Make sure your patients understand that rosacea is a lifelong condition, with flare-ups and periods of remission. “This is a non-curable skin disease, so patient education about the triggers is very important,” says Dr. Pelino. “Most people think the term ‘acne rosacea’ is acne, but it’s not. Adults don’t outgrow rosacea.”

Also, be clear when explaining the ocular consequences of rosacea. “The main ocular consequence is ocular surface inflammatory disease—including dry eye syndrome,” says Dr. Pizzimenti. “The others involve primarily the eyelids—e.g., anterior or posterior blepharitis. Rosacea patients are also more susceptible to bacterial conjunctivitis. And, corneal disease due to severe drying or infection is also a possibility.”

Patients need to understand and comply with a care regimen. “I start by suggesting warm compresses, followed by lid scrubs with pre-moistened pads. Mild to moderate lid disease in rosacea responds well to a topical steroid-antibiotic combination drug (such as Zylet or Tobradex) or an antibiotic with anti-inflammatory properties such as AzaSite (topical azithromycin). In severe ocular rosacea, topical treatments may be less effective— I find that these patients do better when I put them on oral medication earlier,” says Dr. Pizzimenti. “Rosacea is a systemic condition, so more often than not, it requires systemic treatment.”

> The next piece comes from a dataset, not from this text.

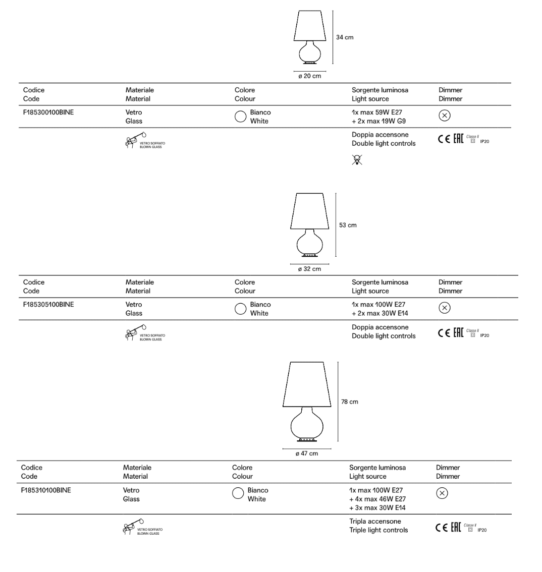 Lampada da tavolo a doppia (misura piccola e media) e tripla (misura grande) accensione. Montatura in metallo verniciato bianco. Paralume e base in vetro soffiato bianco satinato. Cavo d’alimentazione e interruttore nero.

Consider Oracea (Galderma Laboratories), a time-release formulation of doxycycline specifically indicated for acne rosacea. Make sure to develop your management plan based on each patient’s needs. “Treatment depends on what I see during the exam,” says Dr. Pelino. “Consider referring the patient to a dermatologist for treatment with oral drugs if you’re not comfortable prescribing them. Some O.D.s will start with a regimen doxycycline. Or, if there’s evidence of meibomian gland dysfunction, start the patient on a regimen of hot compresses and lid massage.”  

“Another method that helps: Place the patient on an omega-3 regimen,” Dr. Pizzimenti adds. “It demonstrates anti-inflammatory properties and can help normalize the tear film.” This therapeutic regimen might even include the use of Restasis (cyclosporine, Allergan) for those with severe dryness and corneal disease.  

1. Pizzimento JJ, Pelino CJ. Soothe the burn of ocular rosacea. Rev Optom. 2008 Jun 15;145(6):43-9.
2. Lacey N, Delaney S, Kavanagh K, Powell FC. Mite-related bacterial antigens stimulate inflammatory cells in rosacea. Br J Dermatol. 2007 Sep;157(3):474-81.